• _Data excerpt_
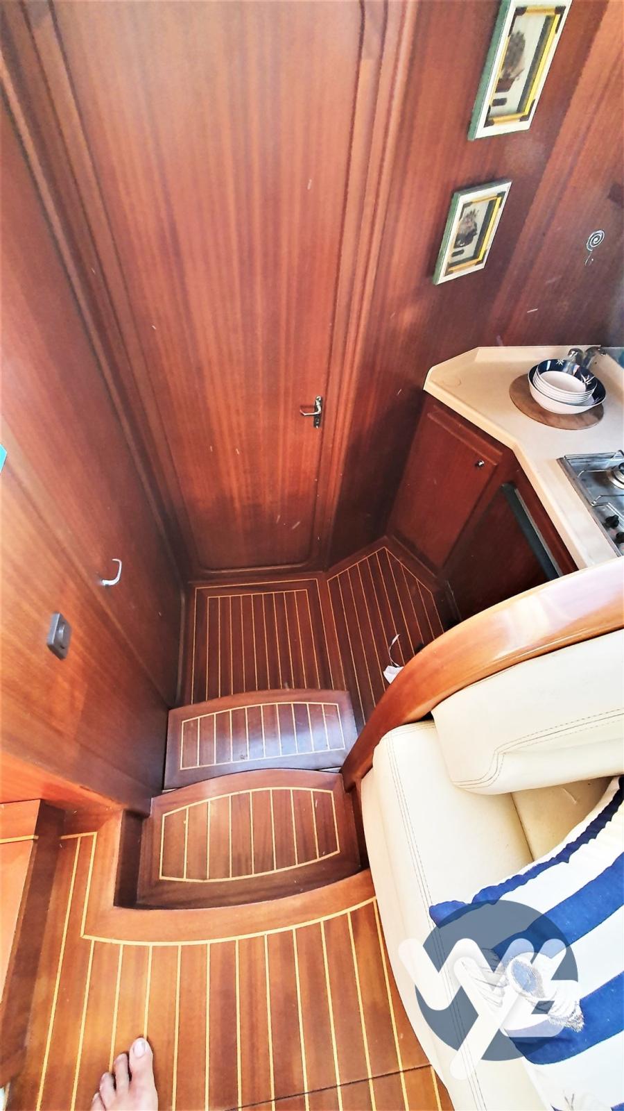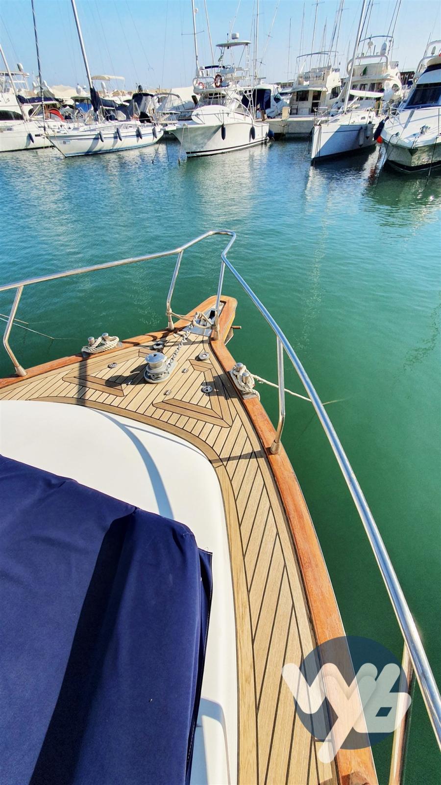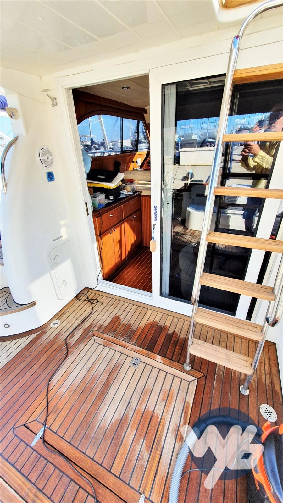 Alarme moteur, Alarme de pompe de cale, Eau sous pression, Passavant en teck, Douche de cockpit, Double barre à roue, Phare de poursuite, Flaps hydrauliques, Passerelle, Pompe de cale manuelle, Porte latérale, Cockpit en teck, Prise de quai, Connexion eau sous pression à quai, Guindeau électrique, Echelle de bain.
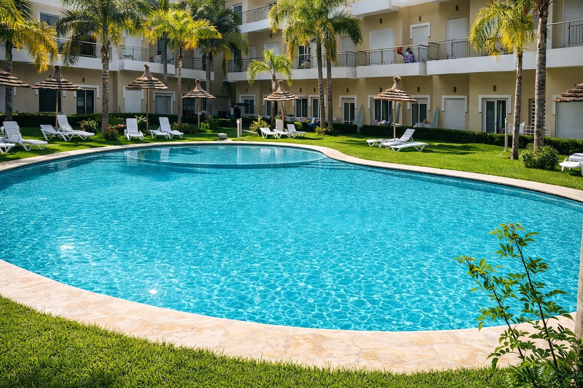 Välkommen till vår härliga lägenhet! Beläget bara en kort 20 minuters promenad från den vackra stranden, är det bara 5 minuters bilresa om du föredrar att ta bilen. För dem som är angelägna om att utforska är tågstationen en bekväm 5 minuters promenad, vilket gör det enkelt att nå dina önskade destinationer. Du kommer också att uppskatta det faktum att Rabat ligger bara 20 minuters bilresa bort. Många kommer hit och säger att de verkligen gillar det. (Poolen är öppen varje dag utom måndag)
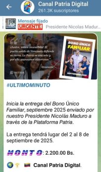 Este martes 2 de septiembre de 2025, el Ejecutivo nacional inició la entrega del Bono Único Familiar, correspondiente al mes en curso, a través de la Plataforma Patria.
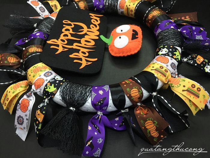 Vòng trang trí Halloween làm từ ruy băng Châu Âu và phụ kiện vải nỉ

• _The task_
The result should be the material above, unchanged and free of pictures; please print it.

• _Output of the exercise_
 Alarme moteur, Alarme de pompe de cale, Eau sous pression, Passavant en teck, Douche de cockpit, Double barre à roue, Phare de poursuite, Flaps hydrauliques, Passerelle, Pompe de cale manuelle, Porte latérale, Cockpit en teck, Prise de quai, Connexion eau sous pression à quai, Guindeau électrique, Echelle de bain.
 Välkommen till vår härliga lägenhet! Beläget bara en kort 20 minuters promenad från den vackra stranden, är det bara 5 minuters bilresa om du föredrar att ta bilen. För dem som är angelägna om att utforska är tågstationen en bekväm 5 minuters promenad, vilket gör det enkelt att nå dina önskade destinationer. Du kommer också att uppskatta det faktum att Rabat ligger bara 20 minuters bilresa bort. Många kommer hit och säger att de verkligen gillar det. (Poolen är öppen varje dag utom måndag)
 Este martes 2 de septiembre de 2025, el Ejecutivo nacional inició la entrega del Bono Único Familiar, correspondiente al mes en curso, a través de la Plataforma Patria.
 Vòng trang trí Halloween làm từ ruy băng Châu Âu và phụ kiện vải nỉ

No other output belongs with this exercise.